When you reach the line with "在一次防守Jaylen Brown的過程中,Kyshawn George被沉肩突破的Jaylen", start repeating the lines exactly and keep going to the end of the records, but drop every picture.

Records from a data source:
---
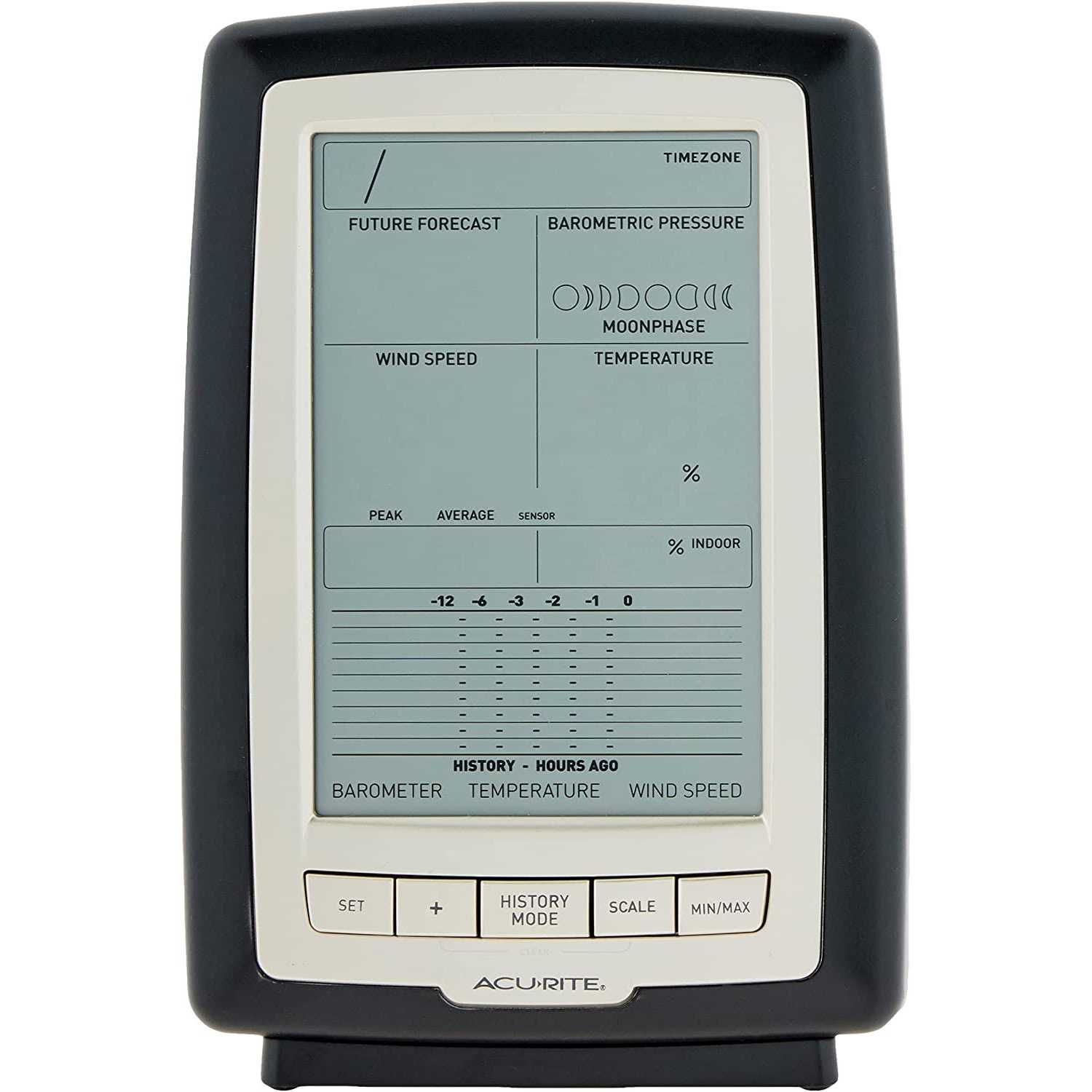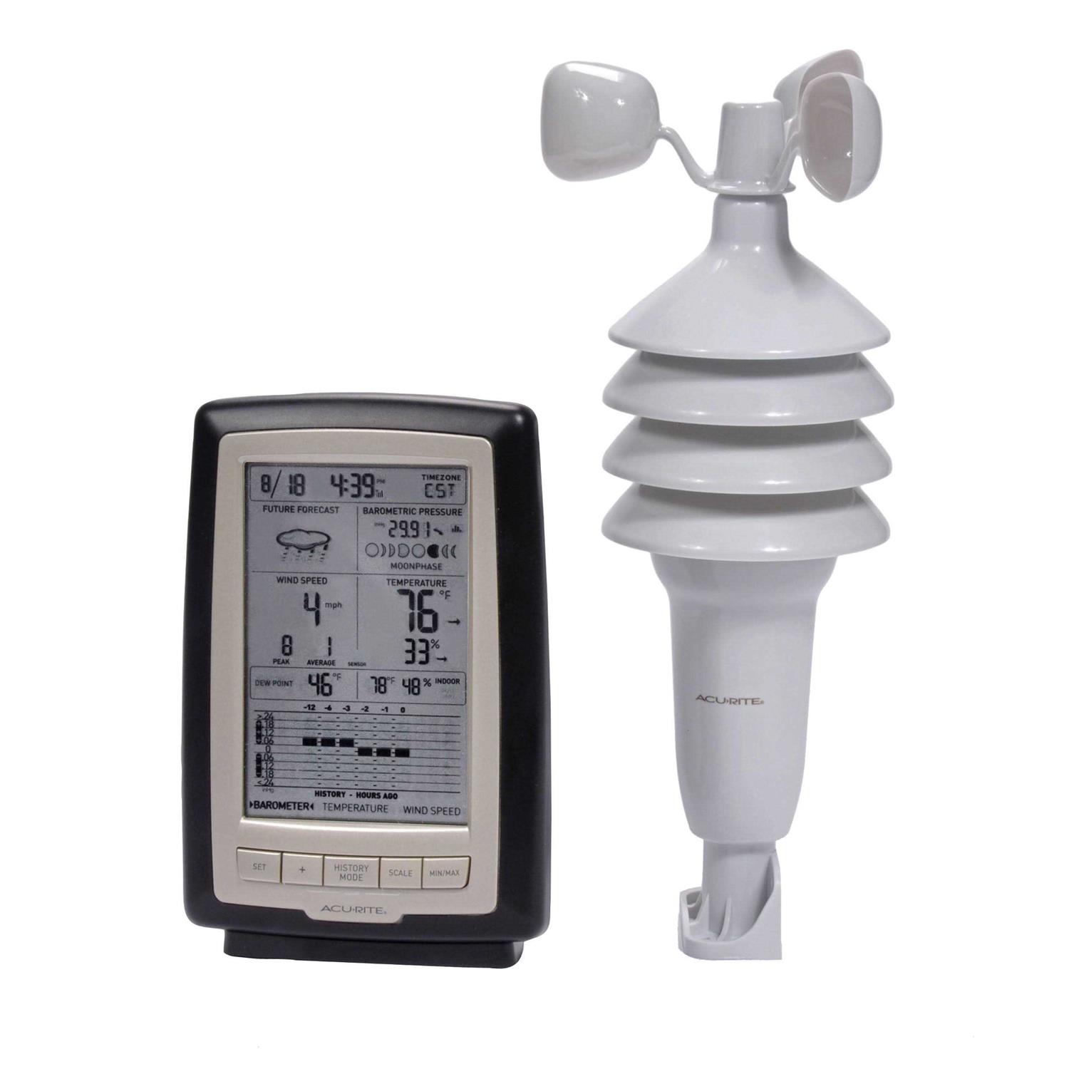 Never let the weather catch you unprepared again with the Acu-Rite 00638A3 Wind and Weather Center. Accurate 12- and 24-hour future forecasts feature 14 different weather icons, giving you an excellent idea of what the weather will do. The station also tracks wind speed and wind chill as well as history and trends for indoor and outdoor temperatures, indoor and outdoor humidity and barometric pressure. Enhanced 433MHz signal strength penetrates walls from up to 330 ft. away. Atomic clock and calendar make setup easy and automatically adjust for Daylight Savings. Displays moon phase. Main unit requires three AA batteries (not included). Main unit: 7.75H x 5.1W x 1.1D. Outdoor sensor: 11.1H x 5.25 dia. Gender: Male. Age Group: Adult. Type: Weather Stations.
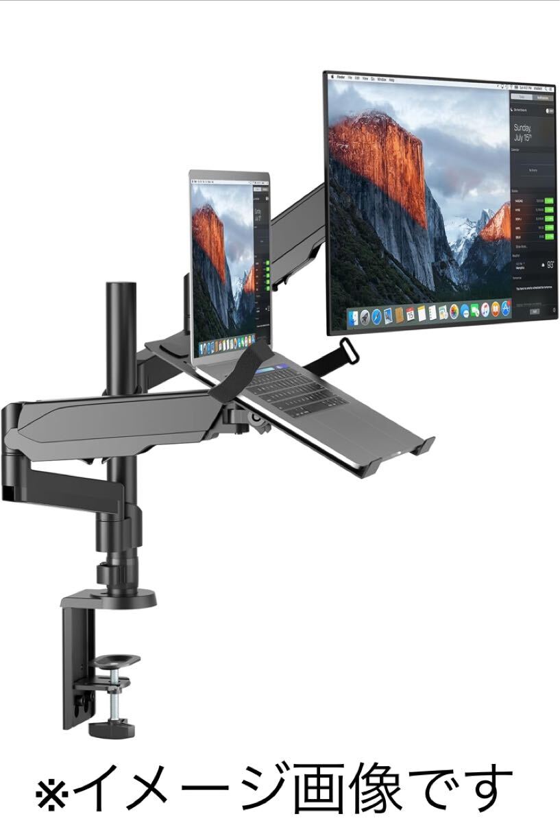 ・METIYA デュアルノートパソコンアーム ガススプリング式 2画面 ノートPCスタンド ガス圧式 17インチノートパソコン対応 32インチモニター対応 ケーブル収納 2in1 多角度調整 耐荷重1-8kg グロメット式&クランプ式 VESA75*75/100*100
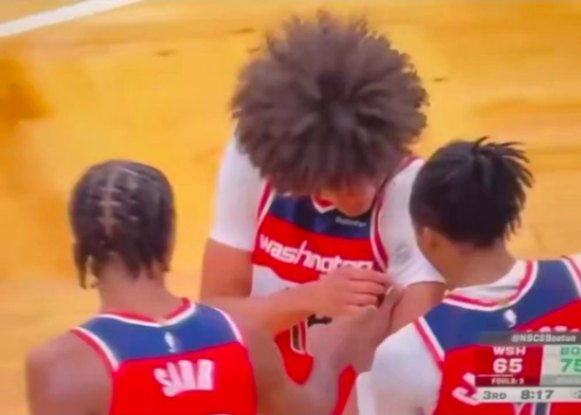 在一次防守Jaylen Brown的過程中,Kyshawn George被沉肩突破的Jaylen Brown撞到,隨後他向隊友展示了自己內襯衫上的黑色印記,那正是Jaylen Brown頭頂撞到的部位。
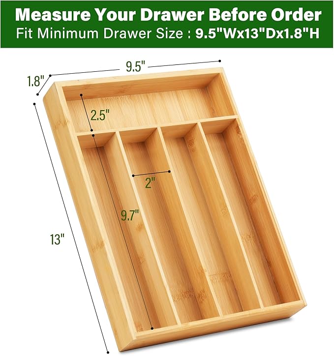 - Solid Bamboo: Our silverware tray is made of 100% bamboo, no MDF, odor-resistant, does not crack or warp easily; smooth surface, corners & edges
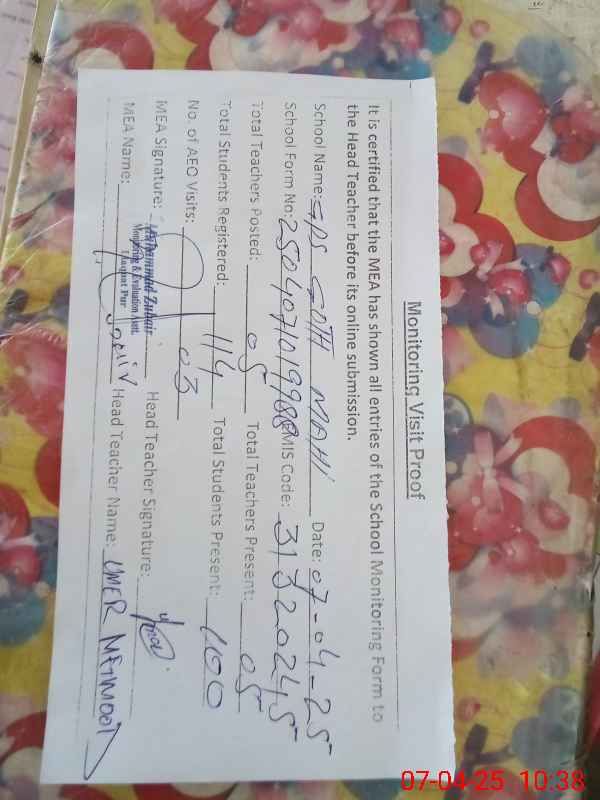 | Attendance Register | Head Teacher | MEA with School | Visit Proof |
---
• **EXERCISE OUTPUT**
 在一次防守Jaylen Brown的過程中,Kyshawn George被沉肩突破的Jaylen Brown撞到,隨後他向隊友展示了自己內襯衫上的黑色印記,那正是Jaylen Brown頭頂撞到的部位。
 - Solid Bamboo: Our silverware tray is made of 100% bamboo, no MDF, odor-resistant, does not crack or warp easily; smooth surface, corners & edges
 | Attendance Register | Head Teacher | MEA with School | Visit Proof |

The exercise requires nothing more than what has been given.